Chapter 6

Chapter 6

Schedule 5—managed funds

6.1        Schedule 5 to this bill amends Division 6C of the Income Tax Assessment Act 1936 (ITAA 1936) to streamline and modernise the eligible investment business rules for managed funds.

6.2        These amendments aim to:

6.3        The introduction of these amendments will make it easier for managed funds, in particular property trusts, to comply with the law by reducing the scope for them to breach inadvertently Division 6C.

6.4        These amendments will clarify the scope and meaning of 'investing in land for the purpose of deriving rent'. It achieves this by ensuring that this clause is taken to include investing in fixtures on the land and movable property (i.e. chattels) customarily supplied, incidental and relevant to the renting of the land and ancillary to the ownership and utilisation of the land.

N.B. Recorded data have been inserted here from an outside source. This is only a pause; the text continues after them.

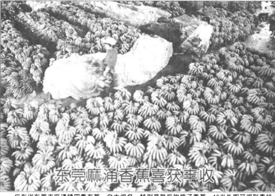
东莞麻涌香蕉喜获丰收

恢复和发展同原苏联在亚洲的一些盟国的关系，并广泛参与亚太地区事务，是俄罗斯积极发展同亚洲国家关系的另一个重要原因。普京担任总统以来已先后实现了俄总统对朝鲜、蒙古和越南的首次访问。普京访问这些国家旨在恢复俄在原苏联盟国中的影响以及传统的政治和经贸合作关系。普京访越促进了俄越新型政治关系的发展。访问期间，双方签署了战略伙伴关系宣言，表示将在21世纪继续进一步巩固传统友好关系，并加强在防务等方面的合作。 俄罗斯积极发展同朝鲜和韩国的关系，表明俄正努力在朝鲜半岛事务中发挥更加积极的作用。普京在韩国表示，俄将继续支持韩朝关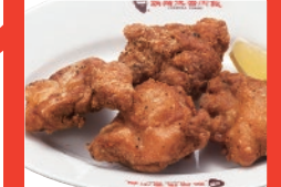
台湾唐揚(たいわんからあげ)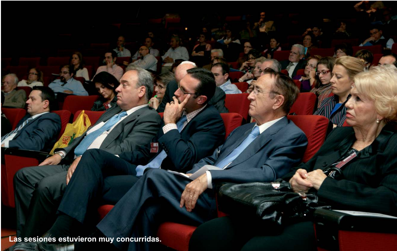
Las sesiones estuvieron muy concurridas.

mento de la corrupción, hay también una baja en la economía”. Tercero, el aumento de las cifras de criminalidad, “ligada a factores económicos y a la eliminación de valores”; y cuarto, un índice “espeluznante” del aborto. En consecuencia, parados, hambre, criminalidad, corrupción, depresión. ¿Cómo puede haber solución de la economía, si no se tratan, primero, estos problemas éticos? Para el economista, esta “crisis económica es una crisis social, moral y ética cuya solución es tarea de todos”. Seguidamente, el economista se refirió a los problemas éticos que se derivan de los políticos y dirigentes de la sociedad, quienes “pretenden resolver las cuestiones por el lado ‘cómodo’ de la demanda, y no por el lado ‘incómodo’ de la oferta”. La solución por el lado de la demanda -que es la que dan los políticos- ha demostrado que frena la actividad económica y no resuelve nada. Entonces, “la solución está por el lado de la oferta”. Pero, ¿y cuáles son los problemas éticos derivados por el lado de la oferta? En opinión del ponente, la solución pasa por la aplicación de diez medidas. Primero, es necesario disponer de energía barata, abundante y de primera calidad. Segundo, la necesidad de un sistema educativo adecuado. “Sin educación es imposible tener alta productividad, sin productividad es imposible competir, y sin competencia es imposible el desarrollo”, sentenció Velarde. Tercero, el avance tecnológico. “Sin ciencia y sin técnica avanzada es imposible desarrollar-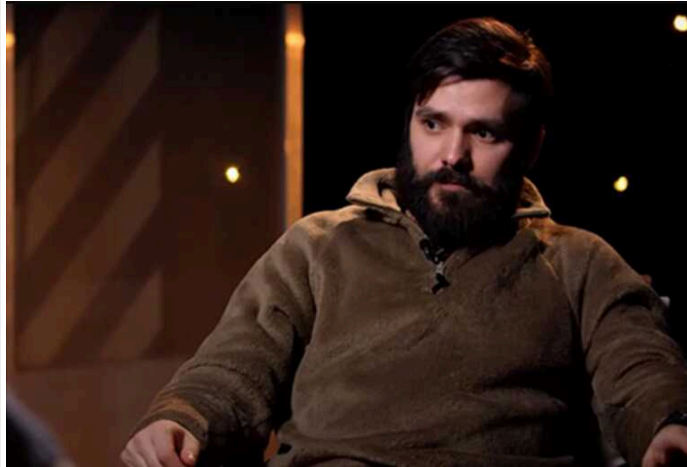
Військовий ЗСУ прокоментував "розбірки" Залужного, Сирського та Зеленського

Начальник штабу бригади НГУ "Азов" оцінив, до чого чвари довели Україну.

6.5        These amendments will introduce a 25 per cent safe harbour allowance for non-rental, non-trading income from investments in land. The allowance is to operate as a safe harbour in conjunction with the existing rental purpose tests on an overall land portfolio basis. If a trust does not meet this safe harbour, it can assess whether it is investing in land for the purpose, or primarily for the purpose of deriving rent under the existing law (i.e. paragraph (a) of the definition of 'eligible investment business' in section 102M).

6.6        The explanatory memorandum provides the following example of the proposed law:

A public unit trust invests in land used as a shopping centre. The property includes some fittings and moveable furnishings in the common areas that are for use by centre customers. The investment in the fittings and moveable property are included as part of the investment in land.[1]

6.7        The Property Council of Australia submitted that these proposed changes will help modernise Australia's Real Estate Investment trust rules:

The new safe harbour framework provides clearer boundaries regarding the types of income a trust can earn, which makes it easier to understand the ground rules for distributing untaxed income to beneficiaries.[2]

6.8        Beyond the comment offered by the Property Council of Australia, the committee received no submissions on the proposed changes contained in Schedule 5.